So many people out there have been mentioned in the past that I am picky as hell. I won't eat this and that when most people eat them. I just don't. Most of them have to do with meat or something that is once alive, can cry or make noise. Don't get me wrong. I enjoy meat. But meat? My exceptable meats have to be fully cooked. I don't care how expensive that piece of fish at a Japanese restaurant is or how great it tastes raw, I don't care. I want them cooked or I won't eat it. Especially with beef, pork, chicken, they are required to be cooked. They can be steaks or whatever fancy dishes in a french restaurant, they all better be cooked or I will not touch them. Aside from that, all meats I eat have to be strictly the meat part only--no liver, kidney whatsoever. Those are just plain gross. I only eat beef, pork, chicken, fish and shrimp. Other animals beside those 5, it is forbidden to me. They are not necessary for my brain or my taste buds. I think my imagination is too high that I will have this pictures going on when I eat something strange. Last time when someone makes a comment on my pickiness was yesterday when I went to work at a Thai restaurant. We were standing in the kitchen to be exact.
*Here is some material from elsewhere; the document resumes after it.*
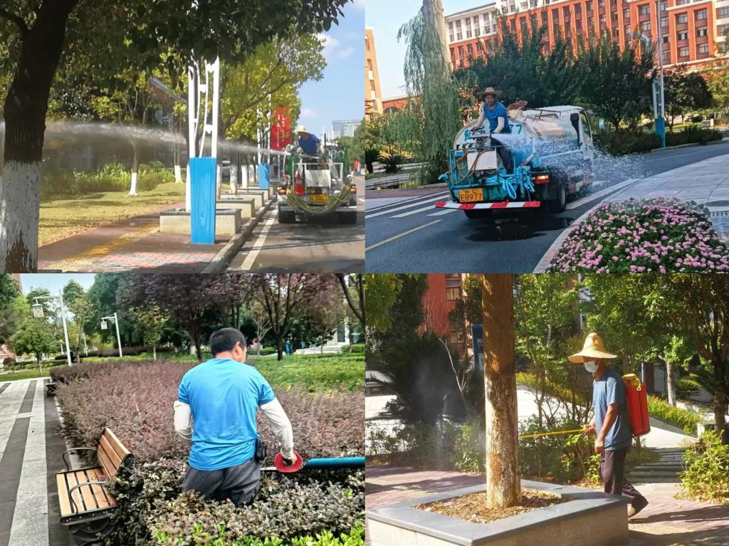 为了营造整洁、干净、优美的校园环境,物业服务中心对校园进行了全方位、无死角的清理打扫,绿化养护和垃圾清运全程无休,努力营造绿色美观的生态校园。

Conversation goes:
Other: "Hey! come here, have you ate yet?"
Me: "What a good timing! I'm so hungry. What have you got?" (excitingly)
Other: Didn't say nothing, but pointed towards the dish in front of him.
Me: "What the hell is that?"
-----------------------The dish looks like some kinds of Laos' bloody beef salad or something worse than that.
Me: "Er...I don't think I'm hungry anymore. Do you have anything else?"
Other: "Come on, what's wrong with this? It's good."
Me: "I don't wanna talk about it. Do you have something else?"
Other: "Yeah....eat this" (while handing me something grilled.)
Me: "What, grease balls?"
Other: "It's a grilled beef. You dip with fish sauce."
Me: "I know, but where is the beef part? All I can see is fat, fat and more fat."
Other: "It's good this way. You dip in fish sauce and eat with sticky rice. Why, don't you like fat"
Me: "Damn right! Who like fat, huh?"
Other: "Me and definitely the rest of the south east asia." (while looking at me strangely.)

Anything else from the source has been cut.